Embarrassing Moment No. 32 This Year…

A look back on my year so far ….

Embarrassing Moment No.32.   Accidental sexual harassment in the dentists office.

So I make my way to the dentist, freshly flossed teeth and breath so fresh it justifies the vigourous tooth brushing and mouth gargling I put myself through.

I settle down in the dentist chair and tense my body waiting for the pain and discomfort I know is coming. So the dentist has both his hands in my mouth and my mouth is wider than it should be , he’s cracking a few jokes and my polite laughter nearly makes me swollow my tongue but I’m thinking so far so good, the drugs he stabbed into my gums are working and maybe, just maybe this won’t be the usual painful and traumatic experience I’ve become accustomed to.

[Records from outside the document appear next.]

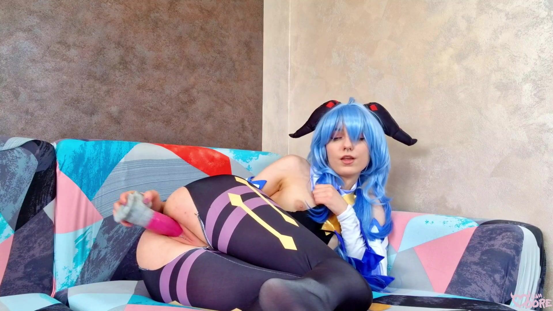 Genshin Impact Ganyu Fucking her pussy with dildo
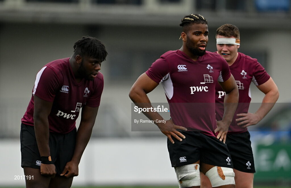 28 May 2021; Ireland U20 players, from left, Sam Illo, Daniel Okeke and Jack Boyle during the match between Ireland U20 and Leinster A at Energia Park in Dublin. Photo by Ramsey Cardy/Sportsfile
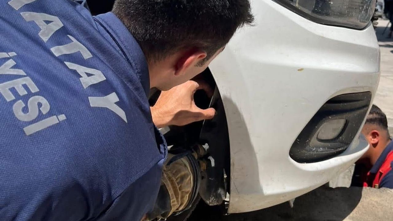 Hatay’da aracın kaputuna giren yavru kediyi itfaiye ekipleri kurtardı.
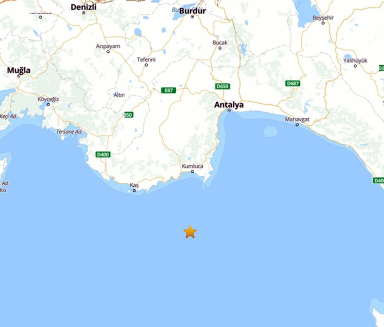 В районе Демре, Анталия, в 08:48 произошло землетрясение магнитудой 4,7. Сообщается, что землетрясение, произошедшее на глубине 16 километров, ощущалось также в Анталии и соседних провинциях. За 5 минут до этого в том же районе произошло землетрясение магнитудой 3,5.
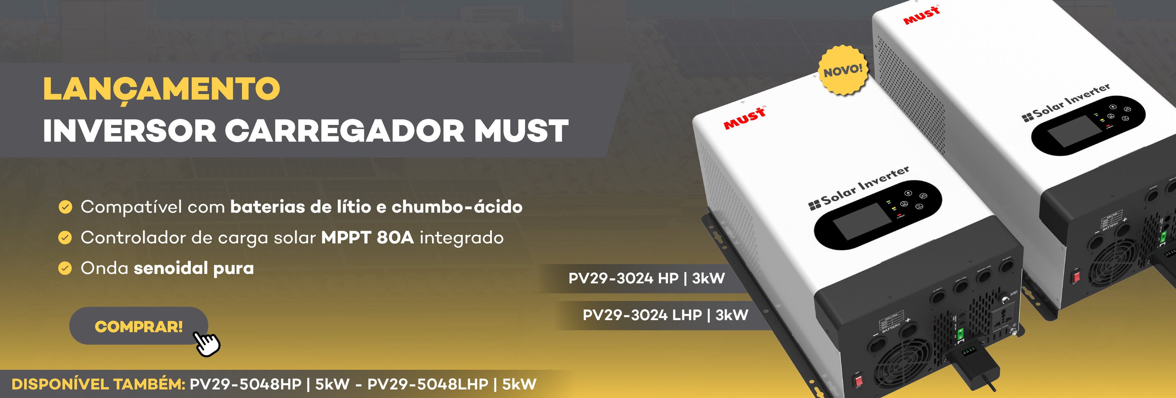 Inversor Carregador Off Grid Must PV29-3024 HP - 3000W - MPPT 80A - 24/220V
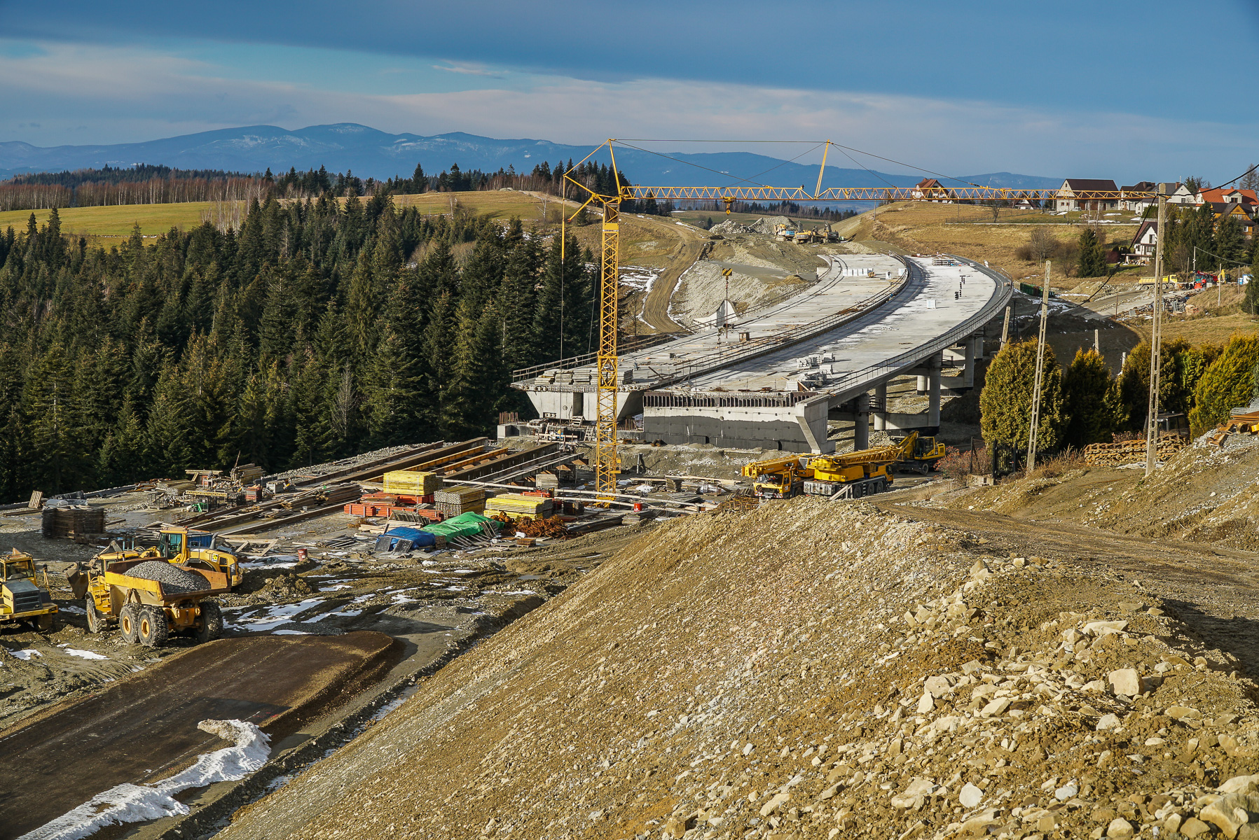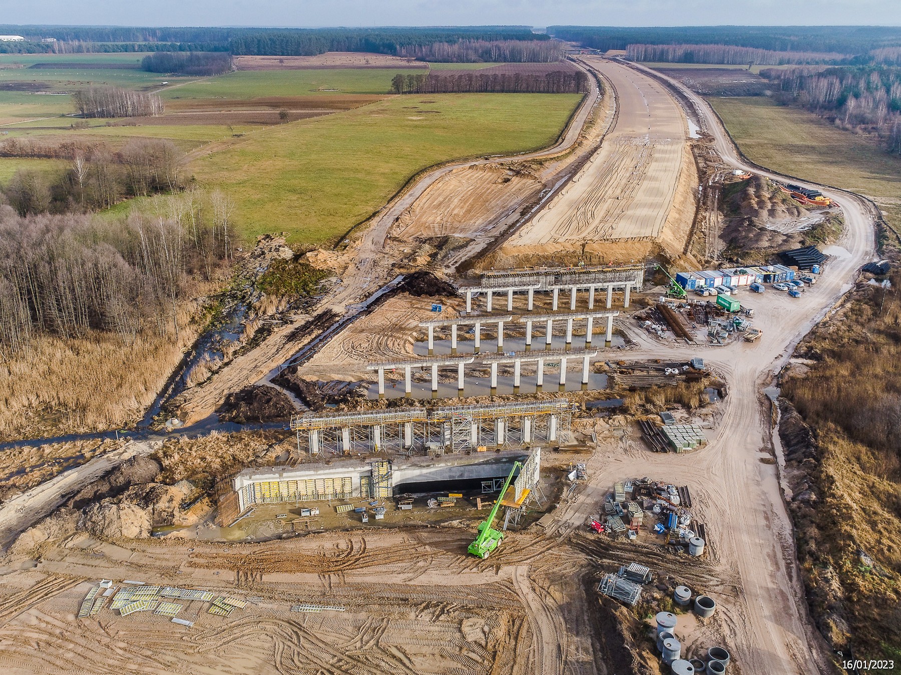 Roboty trwają obecnie m.in. na budowie obwodnicy Łomży w ciągu drogi ekspresowej S61 (woj. podlaskie). Dzięki dobrym warunkom atmosferycznym wykonawca zakończył prace związane z fundamentami, na których oprą się przyczółki i podpory mostu nad Narwią. W woj. małopolskim, na budowie dwujezdniowej obwodnicy Oświęcimia w ciągu DK44, trwa wymiana gruntów, przenoszenie sieci elektrycznej i teletechnicznej a także wykonywanie dróg dojazdowych i pali pod podpory mostu na Wiśle. Na Północnej Obwodnicy Krakowa w ciągu S52 (woj. małopolskie) montowane są zbrojenia i dylatacje na wiaduktach. W tunelach utrzymywana jest odpowiednia temperatura, dzięki czemu w środku wykonywane są zbrojenia, betonowanie i hydroizolacja. Na S7 Widoma - Kraków (woj. małopolskie) trwają prace w branży drogowej i mostowej, a na budowie autostrady A2 Mińsk Mazowiecki - Siedlce (woj. mazowieckie) i Swory - Biała Podlaska (woj. lubelskie) prowadzone są roboty w terenie. Na Mazowszu trwają też m.in. roboty ziemne i na obiektach inżynierskich, w ramach budowy drogi ekspresowej S61 Podborze - Śniadowo.
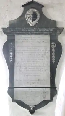 - Eodem loco jacent Penelope uxor eius filia Gulielmi Sandford de Ninehead in com(itatu) Somerset Arm(iger)i quae mortua est April A(nn)o D(omi)ni 1738o et Jacobus eorum filius qui mortuus est non. ... Aug A(nn)o D(omi)ni 174.. una cum q... plurimis infantulis supradicti Robertus & Penelope superstites reliquerunt Amiciam Luciam & Benjaminum qui hoc marmor suis hic affigi jussi... ("In the same place lie Penelope his wife a daughter of William Sandford of Nynehead in the county of Somerset, Esquire, who died in April in the year of our Lord 1738 and james the son of them who died on ... of August 174.. with many infants. The above Robert and Penelope left surviving Amicia, Lucy and Benjamin who ordered this marble to be affixed")
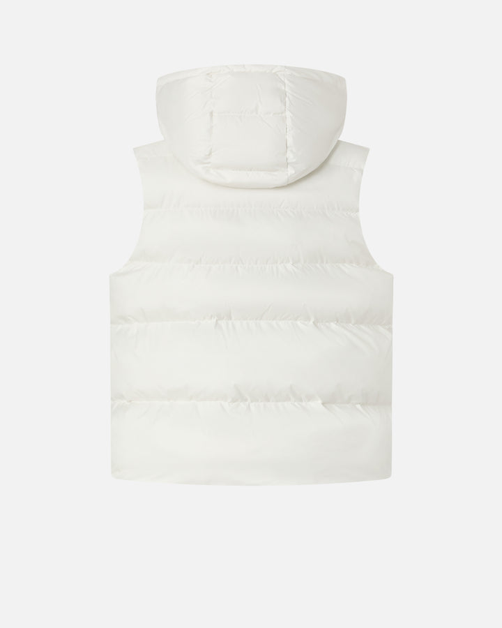Padded technical fabric gilet with special matt finish. The style features a wide, cosy hood and comfortable welt pockets. Two-way zip fastening on the front. This transeasonal outerwear piece offers the perfect combination of functionality and style, protecting you on days with uncertain weather.

The dentist pauses to start filling the hole he just made in my tooth and I glance around the room only for my eyes to land on my crotch and the enormous bow coming out of my zipper. OMFG! The very cute underwear I put on for no other reason than it was at the top of the pile of clean clothes has made a break for it and I’ve basically got a very large very noticeable bow trapped in my zipper. How I didn’t notice when I left my house is a mystery but anyhow.

I start to sweat and casually inch my hands from my stomach to my crotch but alas my sudden movement has drawn the gaze of my dentist and with one eyebrow raised he looks between my face and my crotch. I just nervously laughed as much as I could around his hands and shrugged.

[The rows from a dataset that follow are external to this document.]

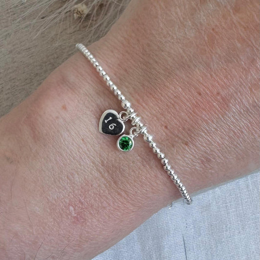 May Birthstone Bracelet, Milestone Birthday Gift with CZ crystal in sterling silver for 16th 18th 21st 30th 40th 50th 60th for women
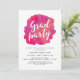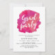 Vänner och familj i inbjudan till din grad party med en inbjudan till studentfest om rosa vattenfärg. Utformningen har rosa vattenfärg, snyggt, platshållare för texten och rosa vattenfärg rand mönster på baksidan.
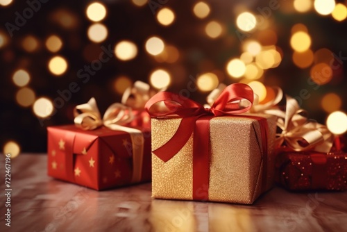 A collection of presents arranged neatly on a sturdy wooden table. Perfect for holiday and birthday celebrations
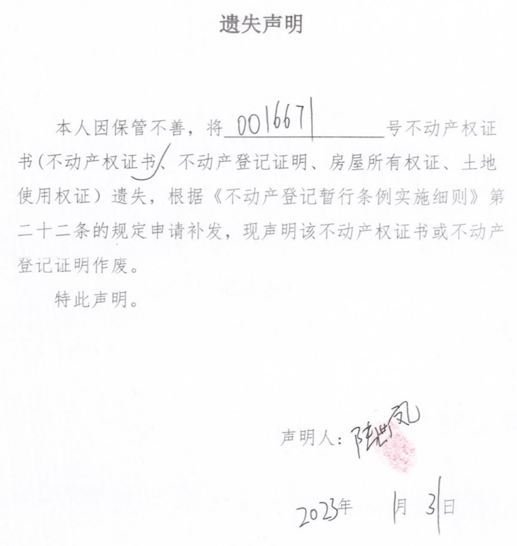 遗失声明(陆世凤)
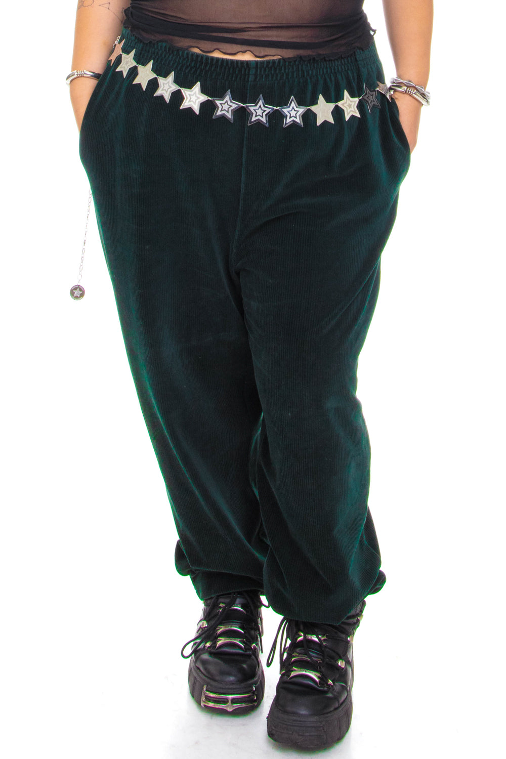 Vintage 90's soft dark green ribbed velvet pants with built in elastic waistband! So cute!!
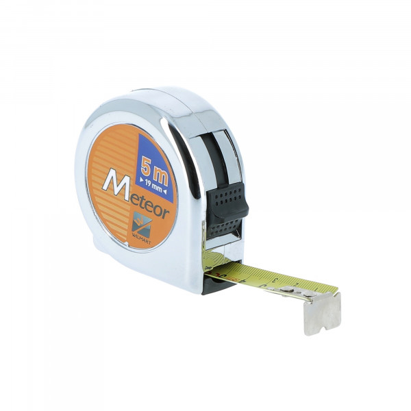 Blocage automatique du ruban. Après avoir sorti le ruban, il n'est pas nécessaire d'activer le blocage, celui-ci est permanent. Pour rentrer le ruban dans le boîtier il faut activer l'une des 2 touches. Ruban jaune en acier carbone 60C, fini mat permettant une bonne visibilité même avec un éclairage de haute intensité. Boîtier ABS avec enveloppe élastomère. Dimensions : 5 m x 25 mm. Longueur totale du boîtier : 89mm. Peut être conditionné sous blister (supplément 0,80 €)
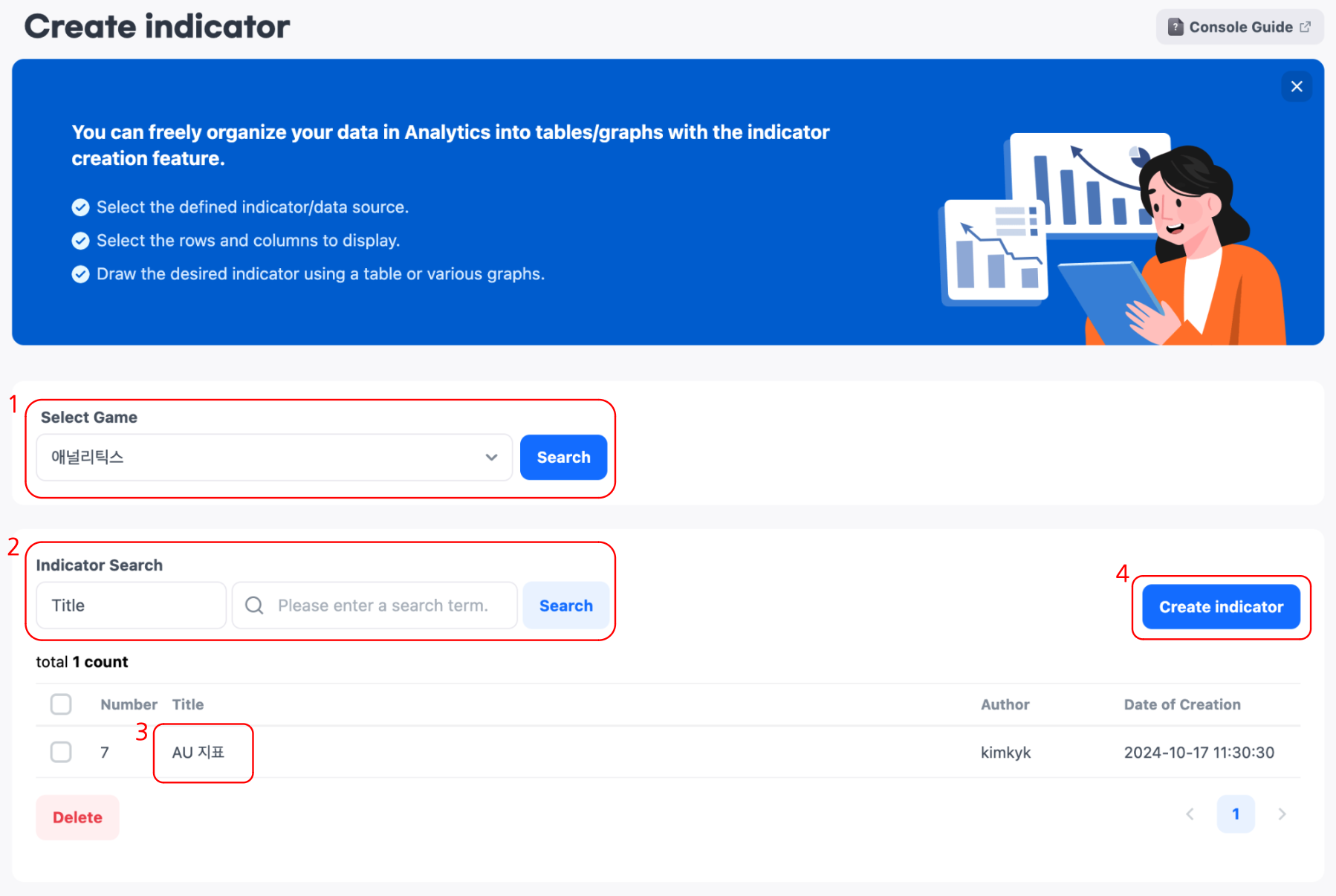 - 點擊創建指標按鈕以移動到創建新指標的畫面。
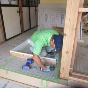 床の断熱工事が終わると、捨て貼りと言って12㎜の針葉樹合板を貼り、その上に12㎜のフローリング材を貼っていきます。そうする事で、強度のある丈夫な床に
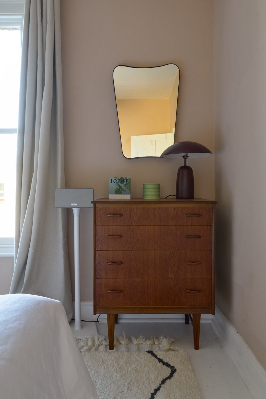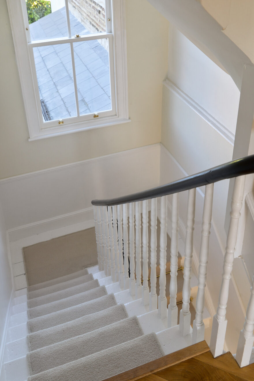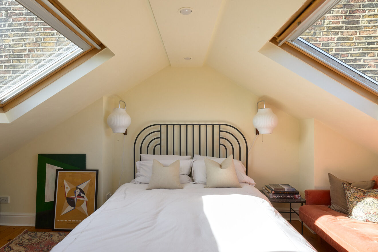 The second floor offers a spacious living room in soft neutral tones with a sculptural Serge Mouille-style ceiling light, and a serene principal bedroom overlooking the garden with built-in wardrobes. On the top floor, skylights fill the staircase and bedroom with light, complemented by abundant storage.

The rest of my appointment involved him looking uncomfortable and stepping away from me every time the nurse turned her back. Eventually the horror was over, I went into the hallway  and I quickly started stuffing my bow back in my jeans only for the nurse to exit the room while I was half way done. I don’t think she got that my hand was in my pants but I do think she thought I was a weirdo and I’m sure the dentist was tapping his foot impatiently back in his office waiting to tell her of my mortifying experience.

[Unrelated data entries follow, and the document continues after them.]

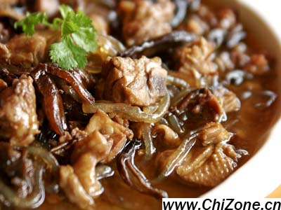 小鸡炖蘑菇,名副其实的山珍野味。是东北菜的代名词之一,也是东北菜中少数可以发展成为与其他高档菜系相媲美的家常菜之一。此菜式传入关内后,又有厨师加以改进,在其中加上绿豆粉皮一块儿煮,也是别有风味。尤其是在冬天吃,还有活血祛寒、预防风寒侵袭的作用。
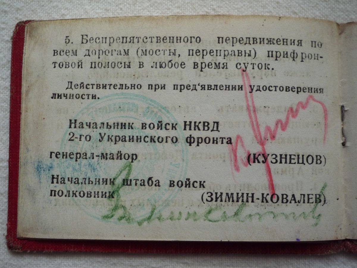 1. Удостоверение НКВД СССР;
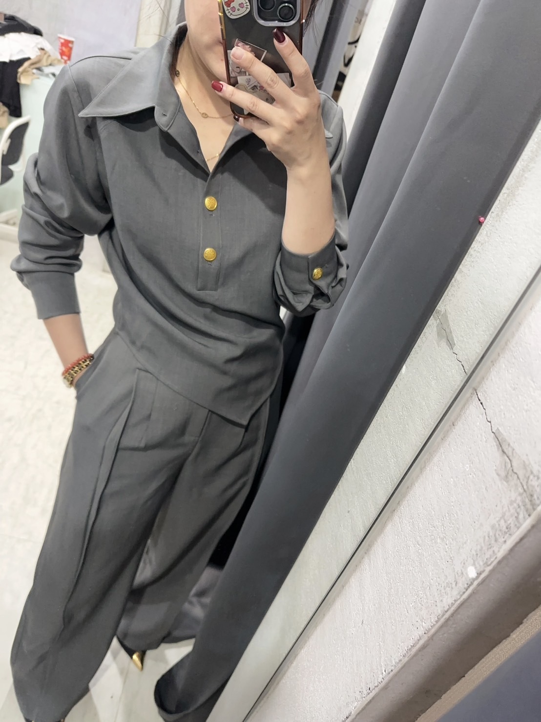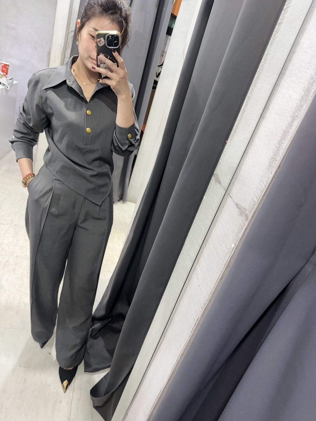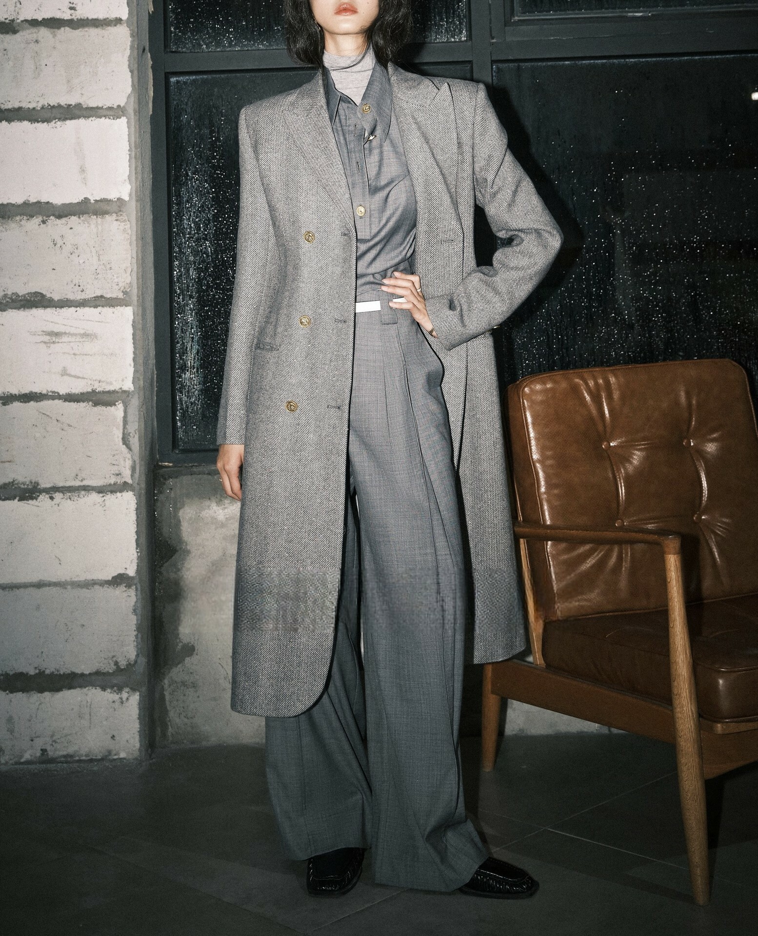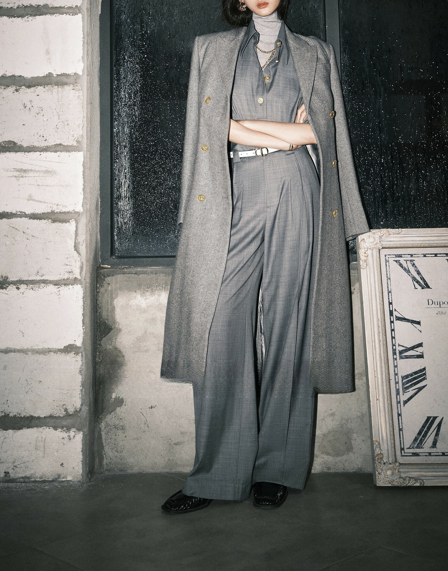 老錢風 不規則上衣+高腰直筒褲(卡其/灰)

That was my last dentist appointment before I left London. I wonder if on a subconscious level I left so I wouldn’t have to face seeing them again. Probably not. I’ve had way more embarrassing things happen this month.

No Sex In The Champagne Room Or At Least My Room…

I recently had the opportunity to reconnect with an ex and I did a little happy dance at the thought of breaking the seal on months of abstinence.

I wined him and dined with a finesse most of our previous dates had lacked and we ended up at my house.

I wasn’t leaving anything up to chance and slipped on my sexy underwear and hoped for the best.

We were kissing and I could see the goal posts in the distance when he pulled away and said ‘I think we should stop. I need to get back to where I was emotionally when we dated…It’ll be more special then’  I gasped !

I initially couldn’t even verbally respond, I just glanced around the room looking for an imaginary audience who would be as shocked as I was. I mean really, I was practically naked, ready for action and he’s says no…lets wait.

I reacted like the nice girl I am and said it was all right and when he asked to hold me I suffered in silence. He finally fell asleep and I escaped the prison of his arms, rolled into a cold spot and pondered my life.

My irritation at the turn of events was baffling, especially since a guy acting put out by me saying we should wait would result in a few choice words and a kick out the door.

When did I become the guy in the relationship? Have I watched too much Sex and The City ? What happened?

A few weeks have passed now and I’m actually pretty glad he was being a wet blanket and I wonder if a few guys feel that way… a foot stamping tantrum and you realise you’ve been saved from a potentially unsatisfying experience.

I’ve never had ex- sex and perhaps I was saved by a metrosexual.